Algebraic Machine Learning with an Application to Chemistry

Ezzeddine El Sai,Parker Gara,Markus J. Pflaum
DOI: https://doi.org/10.3934/fods.2024004
2024-02-22
Abstract:As datasets used in scientific applications become more complex, studying the geometry and topology of data has become an increasingly prevalent part of the data analysis process. This can be seen for example with the growing interest in topological tools such as persistent homology. However, on the one hand, topological tools are inherently limited to providing only coarse information about the underlying space of the data. On the other hand, more geometric approaches rely predominately on the manifold hypothesis, which asserts that the underlying space is a smooth manifold. This assumption fails for many physical models where the underlying space contains singularities. In this paper we develop a machine learning pipeline that captures fine-grain geometric information without having to rely on any smoothness assumptions. Our approach involves working within the scope of algebraic geometry and algebraic varieties instead of differential geometry and smooth manifolds. In the setting of the variety hypothesis, the learning problem becomes to find the underlying variety using sample data. We cast this learning problem into a Maximum A Posteriori optimization problem which we solve in terms of an eigenvalue computation. Having found the underlying variety, we explore the use of Gröbner bases and numerical methods to reveal information about its geometry. In particular, we propose a heuristic for numerically detecting points lying near the singular locus of the underlying variety.

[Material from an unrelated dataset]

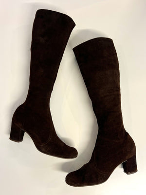 vintage chocolate brown suede knee high boots 60s

Algebraic Geometry,Computational Geometry,Machine Learning,Mathematical Physics
What problem does this paper attempt to address?

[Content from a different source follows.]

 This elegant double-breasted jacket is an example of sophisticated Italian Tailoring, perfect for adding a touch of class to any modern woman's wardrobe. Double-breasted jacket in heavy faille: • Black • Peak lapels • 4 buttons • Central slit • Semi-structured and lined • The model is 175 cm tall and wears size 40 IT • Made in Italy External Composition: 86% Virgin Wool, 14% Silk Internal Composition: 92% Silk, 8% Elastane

### Problems the Paper Attempts to Solve This paper attempts to address how to capture fine-grained geometric information in datasets using machine learning methods in scientific research, particularly in the field of chemistry, without relying on the smoothness assumption (i.e., the manifold assumption). Specifically, the paper proposes a machine learning pipeline based on algebraic geometry to solve the following problems: 1. **How to handle datasets containing singularities**: - Traditional geometric methods often rely on the manifold assumption, which assumes that data samples actually lie on a smooth submanifold. However, the data space in many physical models contains singularities, making the manifold assumption inapplicable. - This paper introduces a new method to handle these singularities by incorporating concepts from algebraic geometry and algebraic varieties. 2. **How to find potential algebraic varieties from sample data**: - The authors transform the learning problem into a Maximum A Posteriori (MAP) optimization problem and solve it through eigenvalue computation. - This method allows for the identification of polynomials that define the underlying geometric structure of the dataset, thereby revealing the algebraic varieties of the data. 3. **How to use Gröbner bases and other numerical methods to analyze the geometric properties of algebraic varieties**: - After identifying the algebraic varieties, the authors further explore how to use Gröbner basis computation and other numerical methods to extract geometric information about the algebraic varieties, particularly how to detect points near singularities. 4. **How to validate the effectiveness of this method in practical applications**: - The authors tested the proposed algebraic machine learning pipeline on synthetic data and chemical data sampled from the cyclooctane conformational space, validating its effectiveness and robustness in practical applications. ### Summary The main contribution of the paper is the development of a new machine learning framework that can effectively capture and analyze fine-grained geometric information in datasets without relying on the smoothness assumption. This method is particularly suitable for handling datasets containing singularities, such as molecular conformation data in the field of chemistry. By combining algebraic geometry and machine learning techniques, the paper provides new tools and perspectives for scientific research.